SVASTIN: Sparse Video Adversarial Attack via Spatio-Temporal Invertible Neural Networks

Yi Pan,Jun-Jie Huang,Zihan Chen,Wentao Zhao,Ziyue Wang
2024-06-04
Abstract:Robust and imperceptible adversarial video attack is challenging due to the spatial and temporal characteristics of videos. The existing video adversarial attack methods mainly take a gradient-based approach and generate adversarial videos with noticeable perturbations.

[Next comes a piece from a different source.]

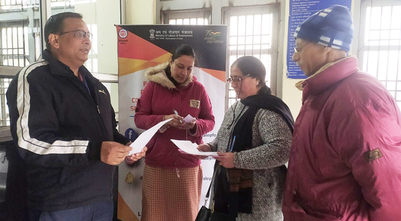 Mohinder Singh retired from NHPC having PPO No. LDASR00019697 visited the office to update her Digital Life Certificate which was updated. Madan Singh an Ex employee of M/s Sanghvi Woods Pvt. Ltd. appeared with a request for updating his bank KYC and claim submission. His KYC request was submitted and the same was approved by his Employer and his claim was also submitted.
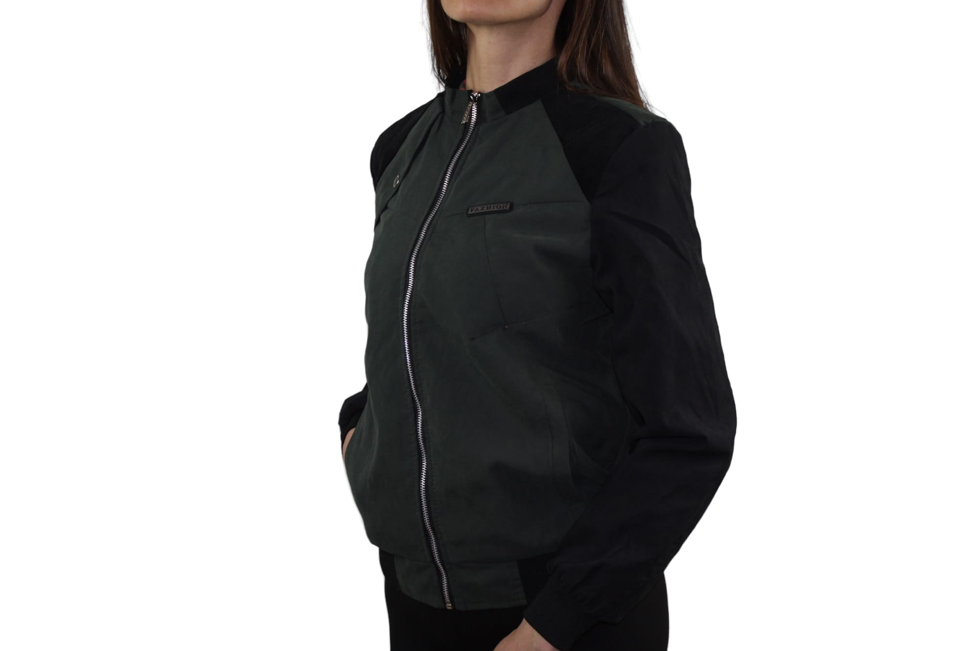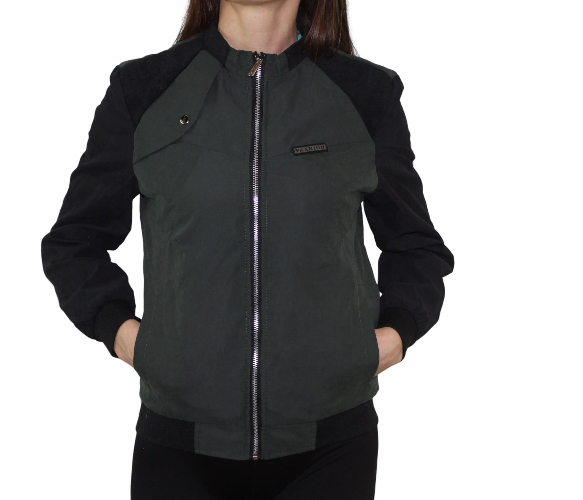 Kurtka damska bomberka Fashion style Manchengbuyi czarno-zielona

In this paper, we propose a novel Sparse Adversarial Video Attack via Spatio-Temporal Invertible Neural Networks (SVASTIN) to generate adversarial videos through spatio-temporal feature space information exchanging. It consists of a Guided Target Video Learning (GTVL) module to balance the perturbation budget and optimization speed and a Spatio-Temporal Invertible Neural Network (STIN) module to perform spatio-temporal feature space information exchanging between a source video and the target feature tensor learned by GTVL module. Extensive experiments on UCF-101 and Kinetics-400 demonstrate that our proposed SVASTIN can generate adversarial examples with higher imperceptibility than the state-of-the-art methods with the higher fooling rate. Code is available at \href{<a class="link-external link-https" href="https://github.com/Brittany-Chen/SVASTIN" rel="external noopener nofollow">this https URL</a>}{<a class="link-external link-https" href="https://github.com/Brittany-Chen/SVASTIN" rel="external noopener nofollow">this https URL</a>}.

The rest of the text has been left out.